What is being asked = Your answer must consist of exactly the lines below, starting with the line with "前段時(shí)間,蒙泰創(chuàng" and going on through the line with "这两个直方图共同揭示了结构上", and nothing else.

Excerpted data =
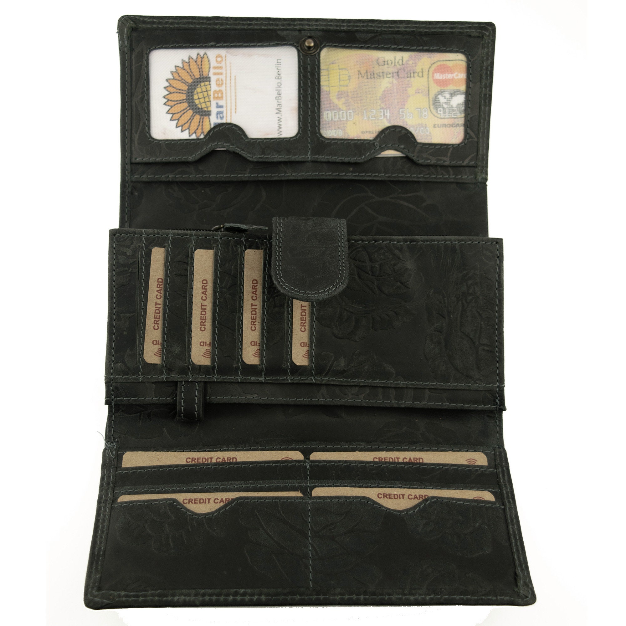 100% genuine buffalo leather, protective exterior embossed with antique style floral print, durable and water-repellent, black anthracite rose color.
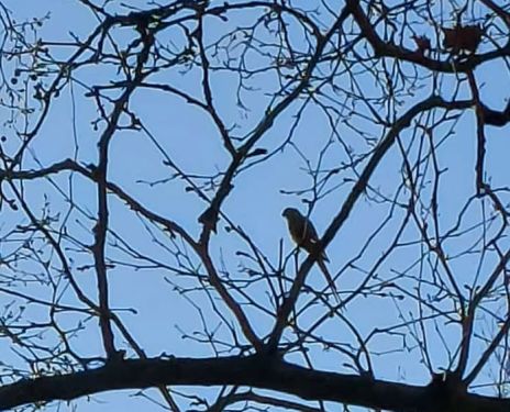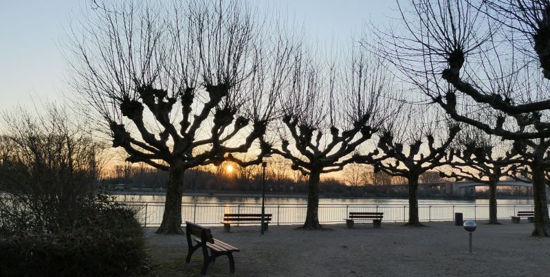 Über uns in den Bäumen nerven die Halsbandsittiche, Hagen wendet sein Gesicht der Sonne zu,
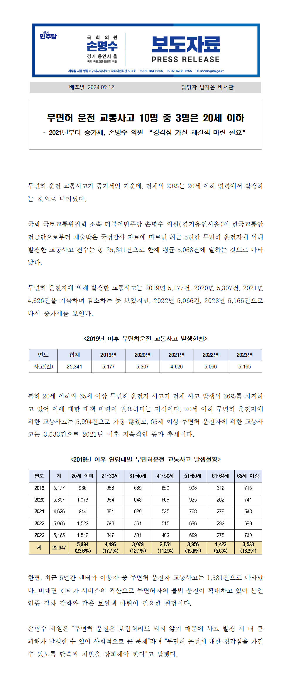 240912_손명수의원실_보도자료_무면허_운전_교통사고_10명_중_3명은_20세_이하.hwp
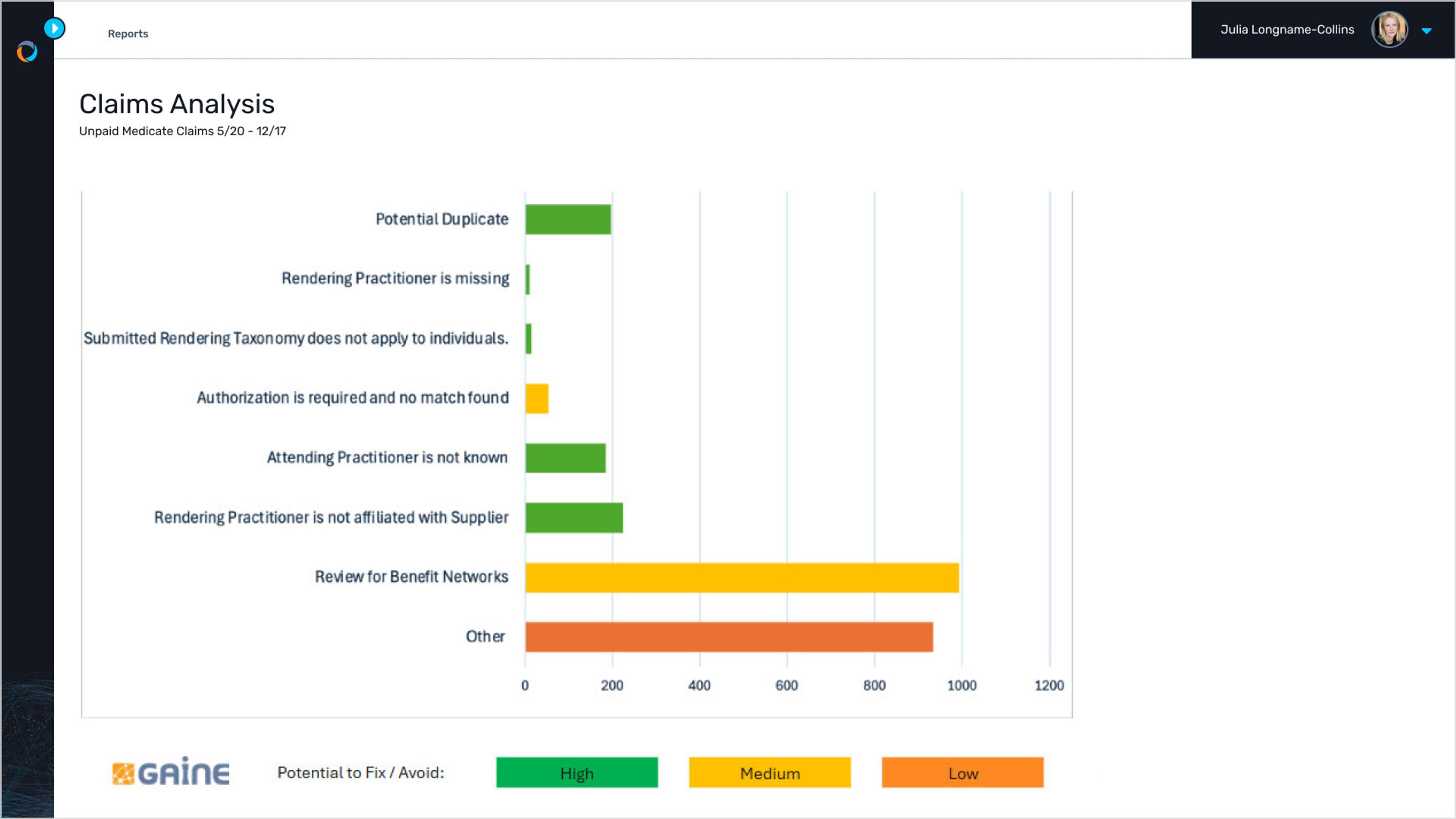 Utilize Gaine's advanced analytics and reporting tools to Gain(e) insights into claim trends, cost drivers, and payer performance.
* * *
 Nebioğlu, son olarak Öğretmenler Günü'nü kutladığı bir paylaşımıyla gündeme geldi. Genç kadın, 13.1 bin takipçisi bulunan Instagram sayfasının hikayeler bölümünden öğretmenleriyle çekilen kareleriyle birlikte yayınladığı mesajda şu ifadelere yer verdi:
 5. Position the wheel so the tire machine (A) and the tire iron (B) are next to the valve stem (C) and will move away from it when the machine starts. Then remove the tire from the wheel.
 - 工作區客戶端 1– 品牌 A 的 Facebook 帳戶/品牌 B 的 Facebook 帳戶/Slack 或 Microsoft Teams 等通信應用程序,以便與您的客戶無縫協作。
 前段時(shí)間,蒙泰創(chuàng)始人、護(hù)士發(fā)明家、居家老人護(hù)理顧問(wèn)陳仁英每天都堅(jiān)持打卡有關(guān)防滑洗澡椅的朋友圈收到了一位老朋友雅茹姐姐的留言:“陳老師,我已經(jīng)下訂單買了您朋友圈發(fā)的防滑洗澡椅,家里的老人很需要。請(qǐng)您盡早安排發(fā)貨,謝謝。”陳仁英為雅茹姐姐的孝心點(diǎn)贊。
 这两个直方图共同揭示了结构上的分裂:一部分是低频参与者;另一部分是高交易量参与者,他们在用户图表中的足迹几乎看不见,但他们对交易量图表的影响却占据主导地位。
--
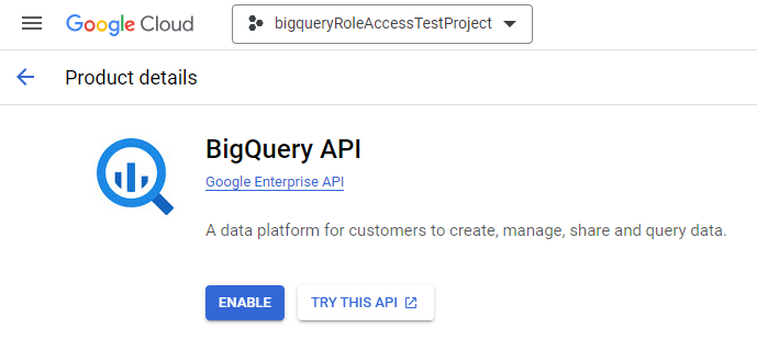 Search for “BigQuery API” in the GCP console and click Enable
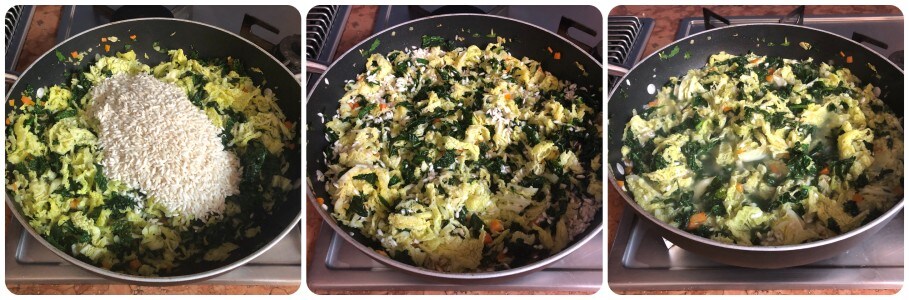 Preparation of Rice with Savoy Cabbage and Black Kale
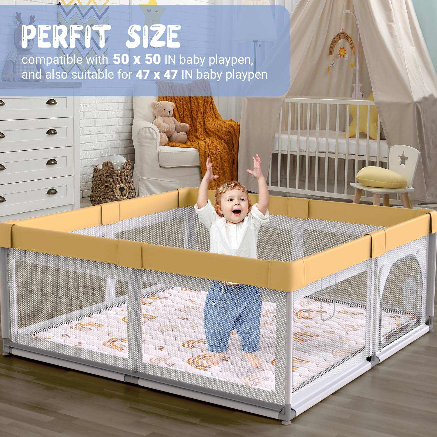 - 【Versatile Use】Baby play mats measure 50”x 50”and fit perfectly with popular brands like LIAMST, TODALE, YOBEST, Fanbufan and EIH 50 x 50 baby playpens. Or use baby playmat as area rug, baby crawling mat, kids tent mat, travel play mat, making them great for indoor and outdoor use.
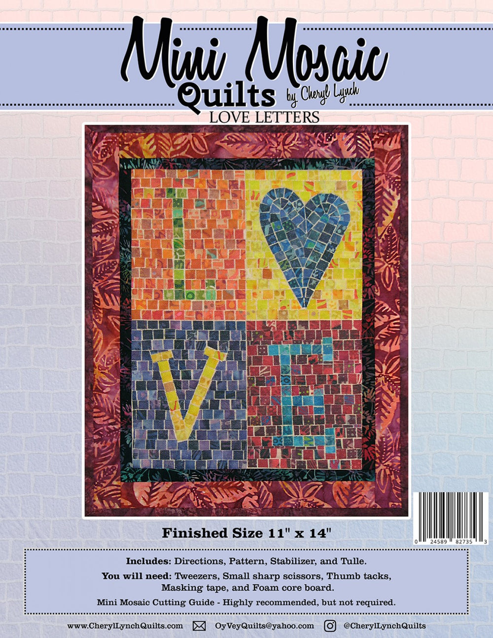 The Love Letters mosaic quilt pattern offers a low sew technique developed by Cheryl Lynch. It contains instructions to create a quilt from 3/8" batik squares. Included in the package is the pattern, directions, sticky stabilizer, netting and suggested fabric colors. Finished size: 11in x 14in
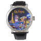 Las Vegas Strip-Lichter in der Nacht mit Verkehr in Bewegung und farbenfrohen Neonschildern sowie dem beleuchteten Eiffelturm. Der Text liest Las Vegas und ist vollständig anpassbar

Output of the task =
 前段時(shí)間,蒙泰創(chuàng)始人、護(hù)士發(fā)明家、居家老人護(hù)理顧問(wèn)陳仁英每天都堅(jiān)持打卡有關(guān)防滑洗澡椅的朋友圈收到了一位老朋友雅茹姐姐的留言:“陳老師,我已經(jīng)下訂單買了您朋友圈發(fā)的防滑洗澡椅,家里的老人很需要。請(qǐng)您盡早安排發(fā)貨,謝謝。”陳仁英為雅茹姐姐的孝心點(diǎn)贊。
 这两个直方图共同揭示了结构上的分裂:一部分是低频参与者;另一部分是高交易量参与者,他们在用户图表中的足迹几乎看不见,但他们对交易量图表的影响却占据主导地位。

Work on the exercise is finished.